By Nuala Moran

BioWorld International Correspondent

AMSTERDAM, the Netherlands - With stock markets in turmoil worldwide, there was much discussion here Monday at the European Life Sciences Conference on the likely effect of the current volatility on the development of biotechnology in Europe.

"The rise and fall of the past three months has corrected the market into reasonable numbers, except that we had a side trip to the stratosphere," Stelios Papadopolous, managing director of the investment banking division of S.G. Cowen Securities Corp., told the conference. "This is a replay of experiences we have been through before."

While it was obvious that the high numbers could not last for long, the market still is higher than last fall. "That's the essential point," he said. "To go from $5 to $50 to $15 is not so bad."

Nick Woolf, senior analyst at ABN Amro, said that despite the swings he believes the overall market is becoming more stable. "Investors are a lot more savvy about risks and reward in biotech than before." At the same time, he said, as the industry matures, the risk profile is very much improved. "There are also a lot of new, experienced management teams setting realistic expectations. This is important from a capital market standpoint."

The European sector has been hit by "dot-com" contagion, said Francois Maisonrouge, head of the European Healthcare Group at Credit Suisse First Boston. "In October last year it was impossible to get a deal done.
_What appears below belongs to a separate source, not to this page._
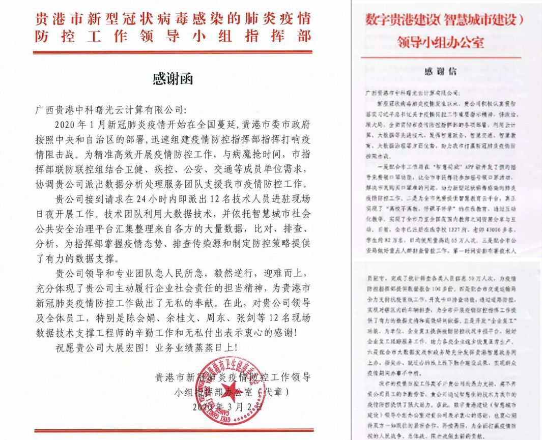 近日,廣西(xī)貴港市(shì)中科曙光(guāng)雲計算(suàn)有限公司先後收到(dào)來自(zì)貴港市(shì)新冠肺炎疫情防控工(gōng)作領導小(xiǎo)組指揮部、數字貴港建設領導小(xiǎo)組辦公室的感謝信。兩封感謝信對曙光(guāng)于疫情防控期間,快速組建專業(yè)應急團隊,以及“科技(jì)戰疫”中的各項部署給予了高(gāo)度肯定。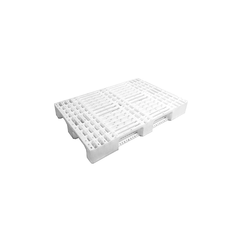 Pallet per uso alimentare. In materiale vergine, colore bianco. Portata statica kg 4300. Dimensioni 120x80x14,5 cm. Peso 12,5 kg

Now people are moving into biotechnology as a proxy for the new economy. This has helped the biotech market and it has hurt the biotech market."
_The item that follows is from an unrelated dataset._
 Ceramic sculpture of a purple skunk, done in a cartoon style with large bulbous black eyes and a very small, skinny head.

He noted that recent movements have driven the market down, with a fall of 30 percent overall in March, but that biotech overall still is up from mid-1999.

Rob Zegelaar, of the venture capital company Atlas Venture, also blamed the e-commerce stocks for the volatility that has hit biotech. "The past year was the strangest in my venture career. We saw the Internet take off and come down, causing biotech to come up and down as well."
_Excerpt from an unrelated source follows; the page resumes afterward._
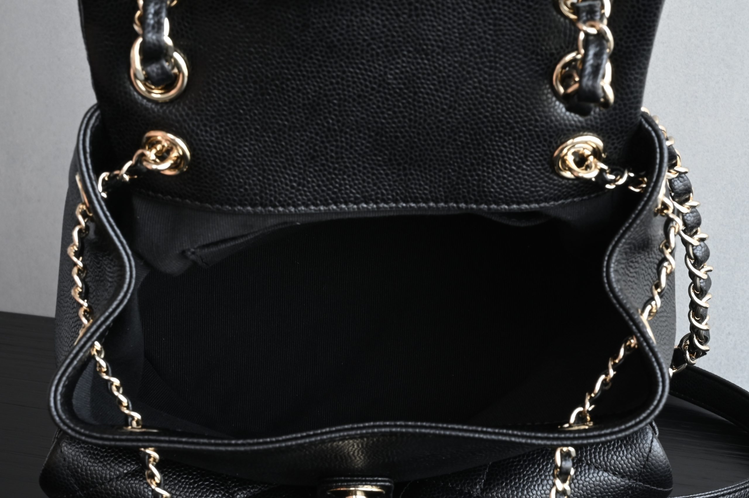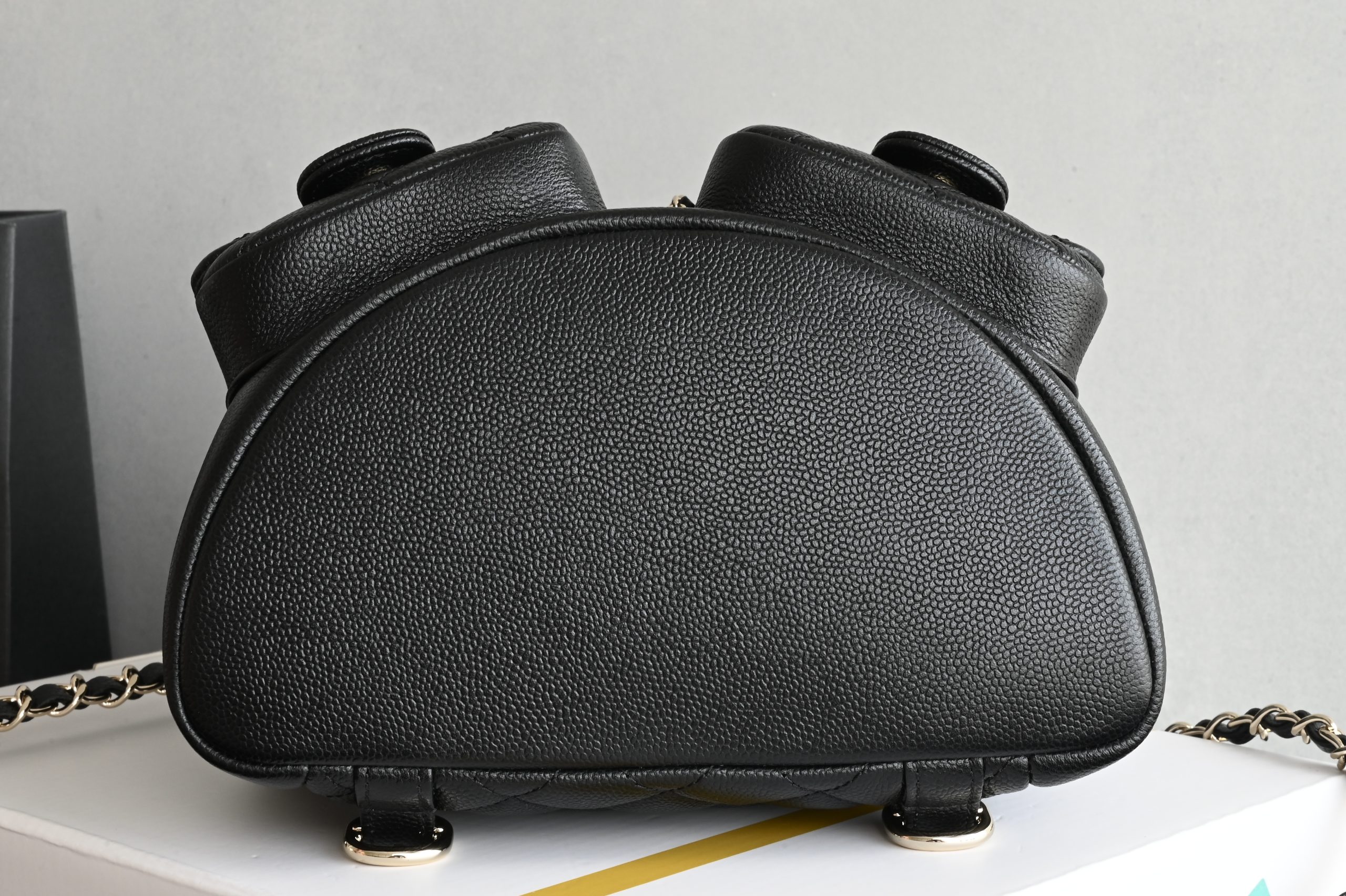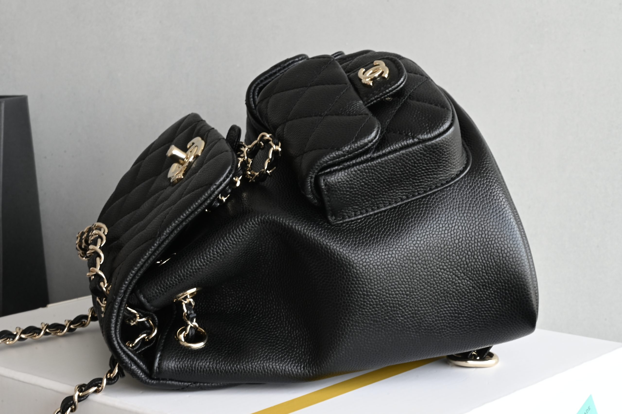 The double-pocket backpack in lychee-patterned calfskin is always the most popular material.

However, Zegelaar said the fundamentals of the industry are stronger than ever, and there still is great enthusiasm for biotech stocks.

It is the "concept stocks," such as genomics, which are most prone to volatility. In many other technologies there now is a history and track record of how companies have fared, allowing investors to compare with the past. Genomics in contrast is a complicated proposition and it will be five to 10 years before investors can compare new launches with what went before.

Maisonrouge said there is a lot of liquidity looking for investments, and investors are looking to participate in biotech IPOs. "But at the moment they don't want to invest in follow-on rounds."

Despite liquidity, the fragmentation of European stock markets is continuing to hold back market development. "Companies looking for an IPO have to spend time deciding between markets," said William Powlett-Smith, life sciences partner at Ernst and Young. Nasdaq has announced plans to launch in Europe, and Powlett-Smith said it remains to be seen if it can create a truly pan-European market.

Overall, there is agreement that volatility will not go away, and biotech will have to learn to live with it. Papadopolous said investors must learn to distinguish apparent volatility from real volatility. "Friday may have seen the biggest points fall ever on Nasdaq, but it's the percentage drop that matters."

On the other hand, there is an increase in real volatility because an increasing number of investors are reacting rapidly to raw data. "Ten years ago you read about company developments in the newspaper the morning after." Now a release of information at 2 p.m. is broadcast worldwide. "Because investors react straight away before the data is assessed, there is a divergence of opinion about its significance," he said.

However, Papadopolous concluded that if it were not for volatility there would not be a biotech sector. "Companies only grow when volatility allows. Learn to live with it and go forward."